These records contain pictures, which must be left out; copy exactly the lines from the one with "El puente Furukawa, designado" up to and including the one with "경기권 :(안양(10명).수원(10명):출발인원:확정 인천지역 :(송내역(8명).부평역(8명):출발인원:확정".
===== RECORDS
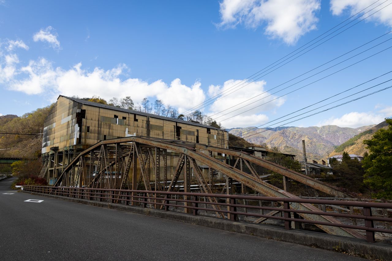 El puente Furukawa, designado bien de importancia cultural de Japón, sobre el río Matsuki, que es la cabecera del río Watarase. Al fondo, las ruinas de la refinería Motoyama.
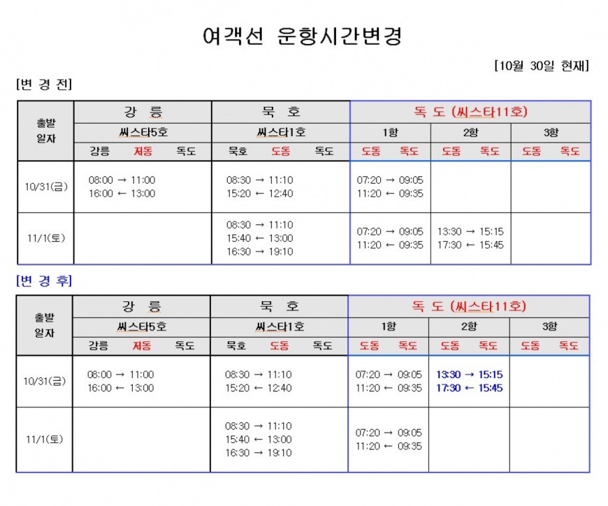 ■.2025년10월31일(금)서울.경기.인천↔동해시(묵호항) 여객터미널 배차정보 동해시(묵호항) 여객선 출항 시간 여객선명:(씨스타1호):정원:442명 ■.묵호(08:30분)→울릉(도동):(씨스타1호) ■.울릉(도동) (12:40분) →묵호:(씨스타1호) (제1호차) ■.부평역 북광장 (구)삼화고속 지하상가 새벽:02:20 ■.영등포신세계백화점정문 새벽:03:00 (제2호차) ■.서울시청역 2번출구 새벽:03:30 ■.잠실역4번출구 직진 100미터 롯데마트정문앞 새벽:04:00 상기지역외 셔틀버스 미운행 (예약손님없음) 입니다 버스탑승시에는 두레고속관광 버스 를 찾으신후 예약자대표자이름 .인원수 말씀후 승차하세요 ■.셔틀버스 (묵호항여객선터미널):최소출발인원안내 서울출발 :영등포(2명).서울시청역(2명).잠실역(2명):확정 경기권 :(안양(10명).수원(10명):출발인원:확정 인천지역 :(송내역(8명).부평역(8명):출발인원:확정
==========
===== RECORDS
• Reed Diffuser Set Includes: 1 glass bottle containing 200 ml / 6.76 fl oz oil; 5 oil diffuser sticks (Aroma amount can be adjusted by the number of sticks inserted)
==========
===== RECORDS
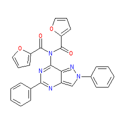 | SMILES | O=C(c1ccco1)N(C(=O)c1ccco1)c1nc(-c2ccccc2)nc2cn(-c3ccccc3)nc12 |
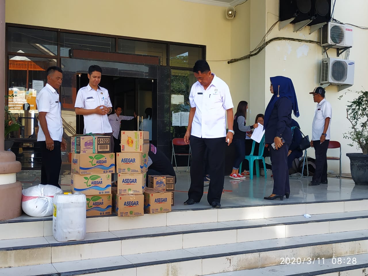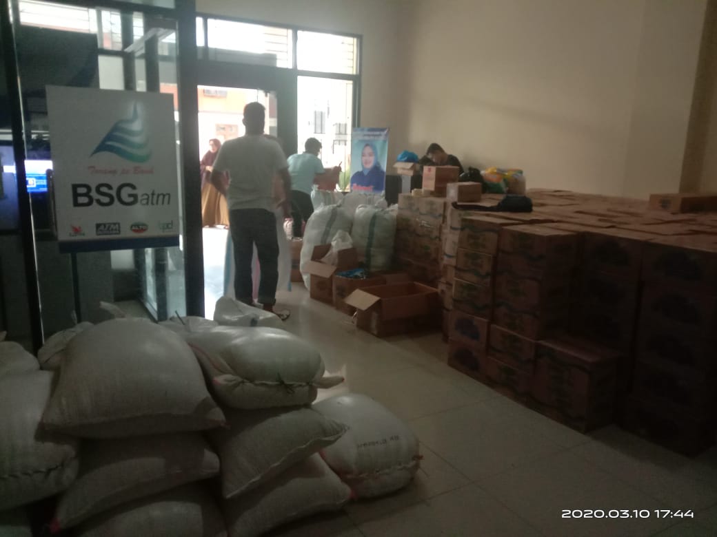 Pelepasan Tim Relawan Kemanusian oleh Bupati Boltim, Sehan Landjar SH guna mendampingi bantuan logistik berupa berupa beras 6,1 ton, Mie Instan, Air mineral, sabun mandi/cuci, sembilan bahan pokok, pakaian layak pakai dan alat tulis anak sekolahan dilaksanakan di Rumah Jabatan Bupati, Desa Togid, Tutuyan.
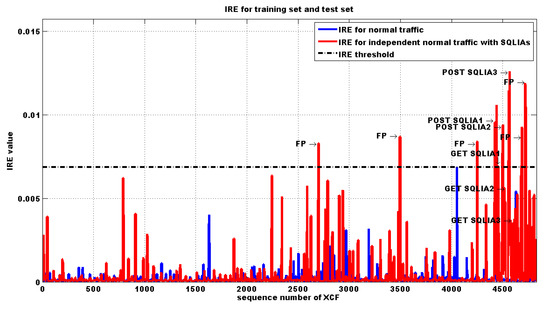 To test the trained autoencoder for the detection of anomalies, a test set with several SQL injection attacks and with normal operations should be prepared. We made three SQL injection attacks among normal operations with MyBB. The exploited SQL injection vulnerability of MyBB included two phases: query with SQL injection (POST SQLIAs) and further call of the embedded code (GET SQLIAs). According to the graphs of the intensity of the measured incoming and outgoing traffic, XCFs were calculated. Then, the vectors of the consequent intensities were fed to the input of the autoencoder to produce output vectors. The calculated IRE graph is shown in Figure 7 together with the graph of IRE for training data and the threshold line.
==========
SOLVED PROBLEM:
 El puente Furukawa, designado bien de importancia cultural de Japón, sobre el río Matsuki, que es la cabecera del río Watarase. Al fondo, las ruinas de la refinería Motoyama.
 ■.2025년10월31일(금)서울.경기.인천↔동해시(묵호항) 여객터미널 배차정보 동해시(묵호항) 여객선 출항 시간 여객선명:(씨스타1호):정원:442명 ■.묵호(08:30분)→울릉(도동):(씨스타1호) ■.울릉(도동) (12:40분) →묵호:(씨스타1호) (제1호차) ■.부평역 북광장 (구)삼화고속 지하상가 새벽:02:20 ■.영등포신세계백화점정문 새벽:03:00 (제2호차) ■.서울시청역 2번출구 새벽:03:30 ■.잠실역4번출구 직진 100미터 롯데마트정문앞 새벽:04:00 상기지역외 셔틀버스 미운행 (예약손님없음) 입니다 버스탑승시에는 두레고속관광 버스 를 찾으신후 예약자대표자이름 .인원수 말씀후 승차하세요 ■.셔틀버스 (묵호항여객선터미널):최소출발인원안내 서울출발 :영등포(2명).서울시청역(2명).잠실역(2명):확정 경기권 :(안양(10명).수원(10명):출발인원:확정 인천지역 :(송내역(8명).부평역(8명):출발인원:확정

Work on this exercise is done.